The attempt to pass a new eminent domain law was stopped at the last moment last session because Representative Yvonne Davis, a Democrat who represents District 111 in southwestern Dallas and Duncanville, spotted it and spiked it.

State Senator Royce West, who represents District 23 in southern Dallas, had been playing an ambiguous game on eminent domain, vowing to constituents he was against the use of eminent domain to take homes. But in March 2007 I attended a community meeting at the Juanita Craft Rec Center where West clearly was supporting an expansion of eminent domain backed by the Foundation for Community Empowerment.

State Representative Terri Hodge, who represents District 100 in southern Dallas, delivered a fiery speech against the FCE proposal to foot-stamping applause, after which West relented. He promised to oppose efforts in Austin to expand the use of eminent domain.

But at the end of the legislative session, West tacked a popular bill creating a new law school for southern Dallas on to the back of an eminent domain bill that had been stripped of key homeowner protections. The only way Davis could protect southern Dallas at that point was by helping kill the law school bill—a painful choice but one she made anyway. She revisited the issue with me the other day on the phone. She said seizing a home, even a bad home, is too often a poor trade for the person who loses the house.

"Everybody's house is their castle. It may not be the castle you picked, but it's theirs. I don't think we have the right to summarily decide that it doesn't fit anymore. I think it's wrong to make citizens victims of their government."
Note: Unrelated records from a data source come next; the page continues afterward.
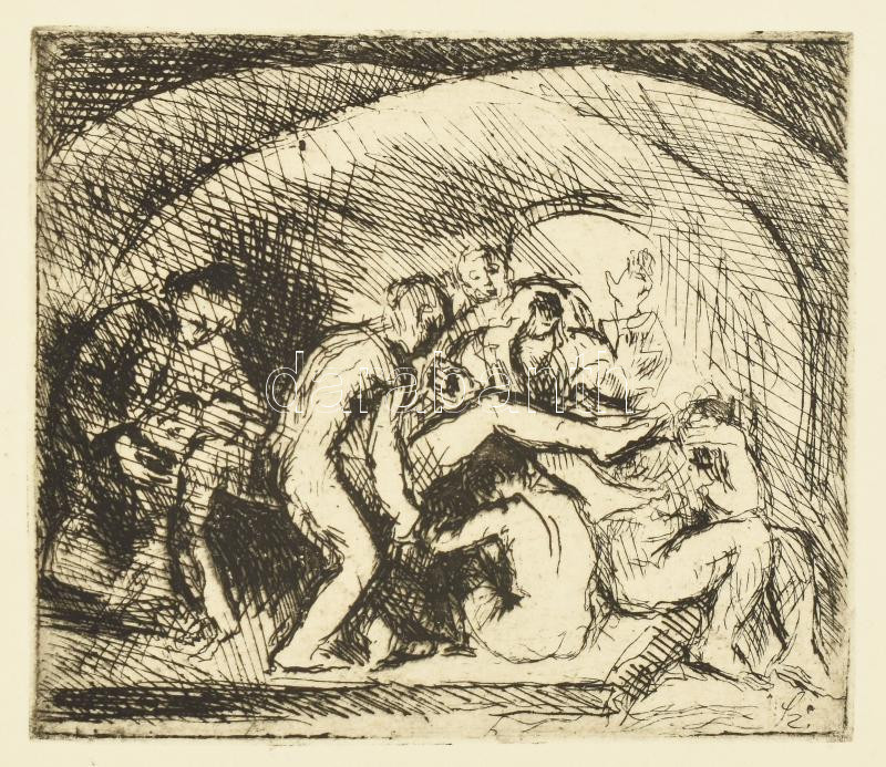 Leírás: Szőnyi István (1894-1960): Sírbatétel. Rézkarc, papír, jelzett a karcon, hátoldalán Palota Galéria bélyegzőjével, 7,5×8,5 cm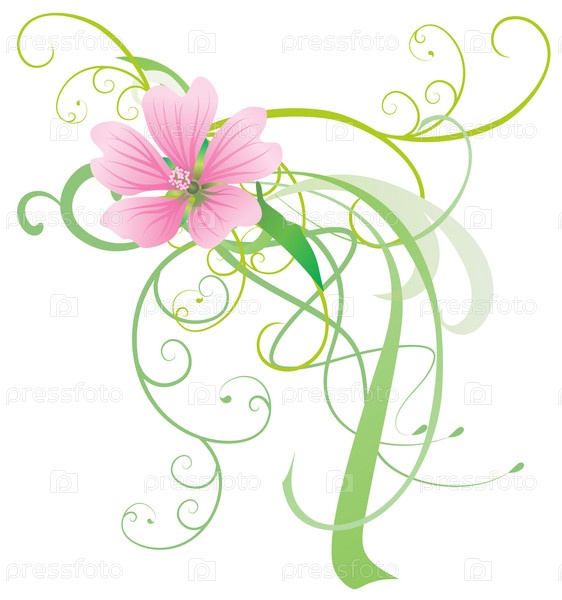 Векторный розовый цветок мальвы с абстрактным декором, изолированный на белом фоне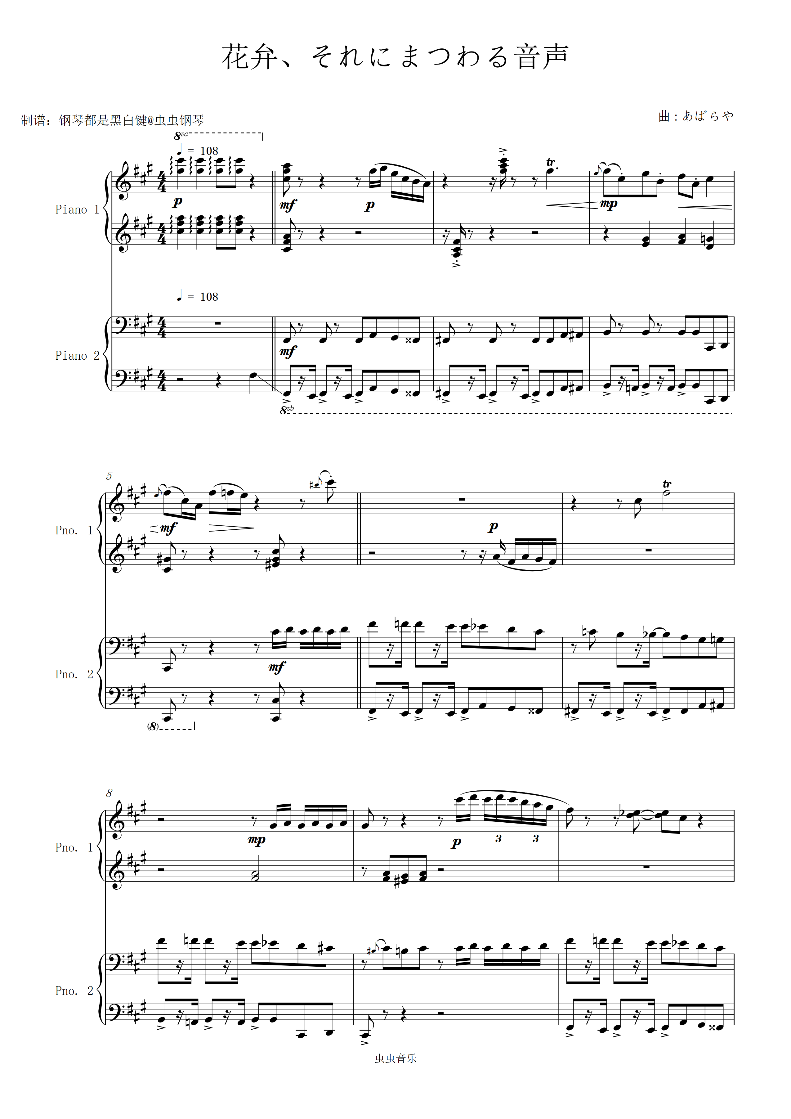 钢琴谱:【初音ミク】花瓣、与之相关的声音/花弁、それにまつわる音声

I mention all of this because things I am hearing lead me to believe there will be another run made at an eminent domain bill in this new legislative session. I'm also hearing that the "master planning" effort for the inland port will be backdoored somehow in Austin. That is, someone is going to try to use legislation and create new governmental districts to screw up the Dallas inland port, since the effort to do it with the planning initiative supported by the Morning News seems to have failed.

What? Are we just crazy? Why does everybody want to pick up their pith helmets and their parasols and go to South Dallas to do good works, if they're not willing to do whatever it takes to create jobs? Jobs now. Jobs as soon as we can get them.

Where does this idea come from that some kind of program, governmental or charitable, is going to change anything? Look around. What have programs ever changed?

Jobs change things. Money changes things. Not programs.

Ten drops in a bucket? Look, I think the people on the Morning News editorial board ought to put some drops in their own buckets and leave other people alone, unless they want to get onboard for real and fundamental change.

In that same editorial where they announced they were now the conscience of the community, the Morning News also said, "We believe in a progressive conservatism that advocates civil rights, fiscal responsibility, environmental stewardship, effective local governments, public accountability and an internationalist foreign policy."

How about just jobs? Man. I don't know about some of these guilty conservatives today.